> TASK DETAILS
Exclude all pictures from your copy of the data below, which should otherwise match exactly.

> RECORDED DATA
——

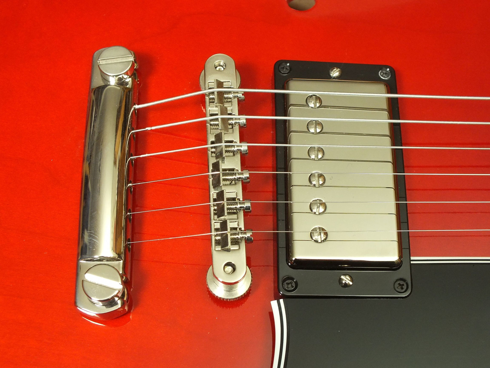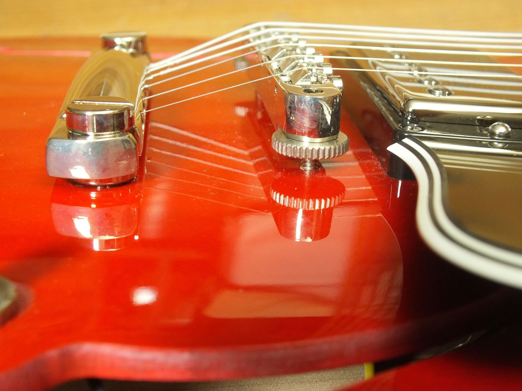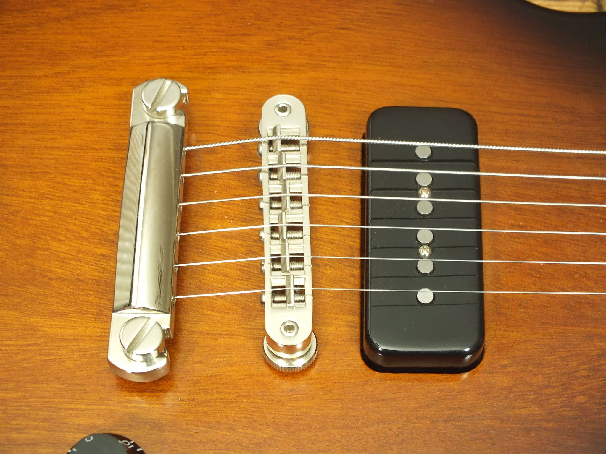 Ebenfalls nicht original sind das Alu-Stop-Tailpiece und die Tune-O-Matic Bridge von Faber, mit denen der Vorbesitzer die Gitarre ausgestattet hat.
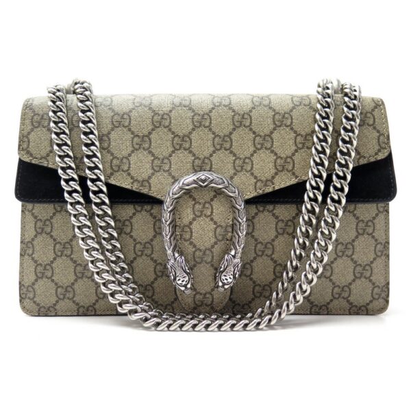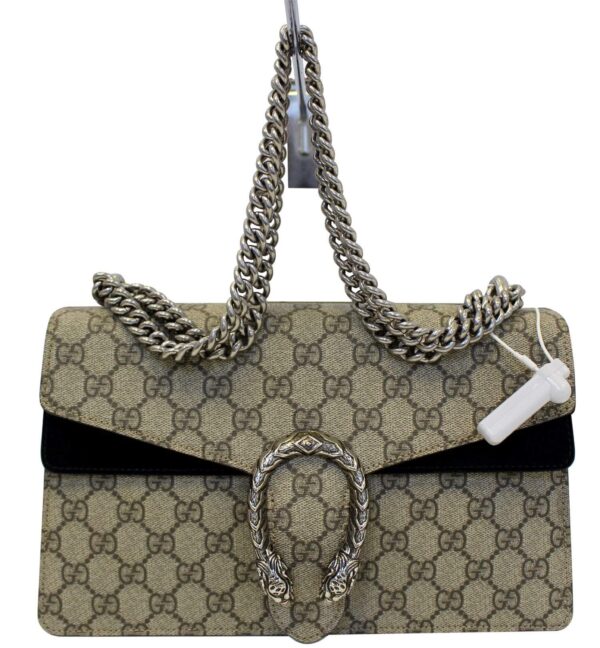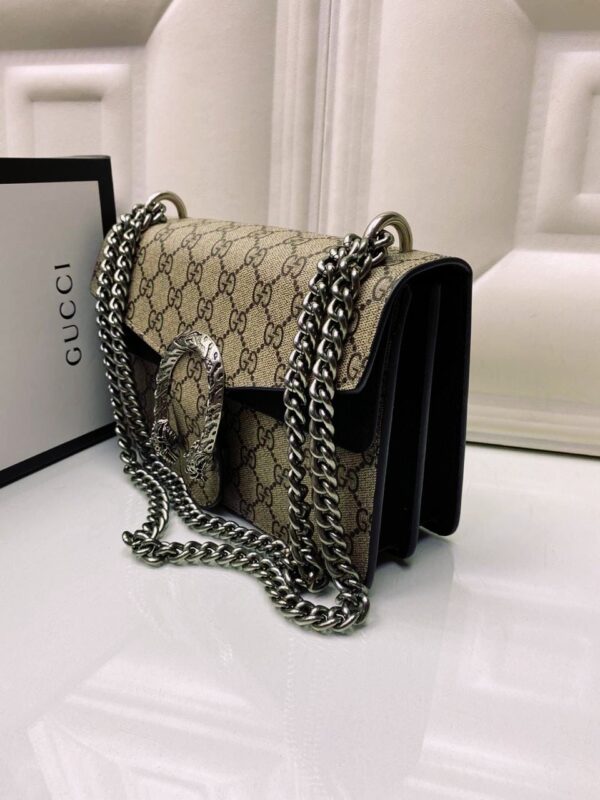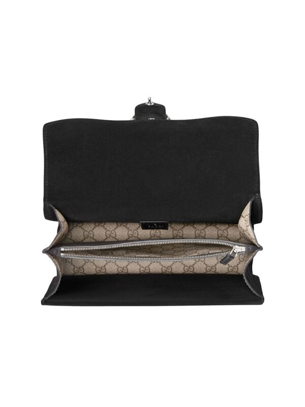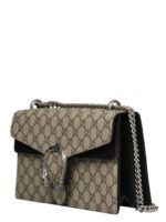 Supreme τσάντα με καμβά με υπέροχες λεπτομέρειες από μαύρο σουέτ δέρμα. Mε το ανάγλυφο κλείσιμο του κεφαλιού τίγρης – μια μοναδική λεπτομέρεια που αναφέρεται στον Έλληνα θεό Διόνυσο, ο οποίος σύμφωνα με τον μύθο λέγεται ότι διέσχισε τον ποταμό Τίγρη πάνω σε μια τίγρη που του έστειλε ο Δίας..
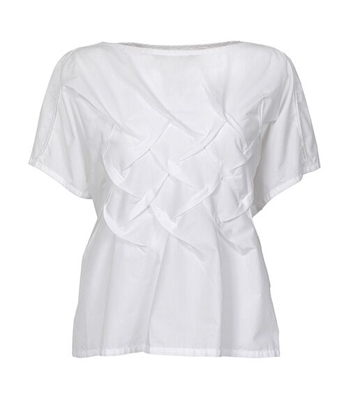 フロントで交互につまんだタックが新鮮な凹凸感を生むプルオーバーシャツ。立体的にクロスするディテールの個性的なインパクトに対し、全体はシンプルなTシャツデザインに。生地を重ねたような肩線は、パイピングで密かなデザインポイントになっています。タックでできる陰影や立体感で、ゆとりのあるシルエットも広がりすぎず、抜け感のあるちょうどいいボリューム。ベーシックに着回しできる、でも技が効いている、絶妙なバランス感覚をもった1枚です。

——

> FINAL ANSWER
 Ebenfalls nicht original sind das Alu-Stop-Tailpiece und die Tune-O-Matic Bridge von Faber, mit denen der Vorbesitzer die Gitarre ausgestattet hat.
 Supreme τσάντα με καμβά με υπέροχες λεπτομέρειες από μαύρο σουέτ δέρμα. Mε το ανάγλυφο κλείσιμο του κεφαλιού τίγρης – μια μοναδική λεπτομέρεια που αναφέρεται στον Έλληνα θεό Διόνυσο, ο οποίος σύμφωνα με τον μύθο λέγεται ότι διέσχισε τον ποταμό Τίγρη πάνω σε μια τίγρη που του έστειλε ο Δίας..
 フロントで交互につまんだタックが新鮮な凹凸感を生むプルオーバーシャツ。立体的にクロスするディテールの個性的なインパクトに対し、全体はシンプルなTシャツデザインに。生地を重ねたような肩線は、パイピングで密かなデザインポイントになっています。タックでできる陰影や立体感で、ゆとりのあるシルエットも広がりすぎず、抜け感のあるちょうどいいボリューム。ベーシックに着回しできる、でも技が効いている、絶妙なバランス感覚をもった1枚です。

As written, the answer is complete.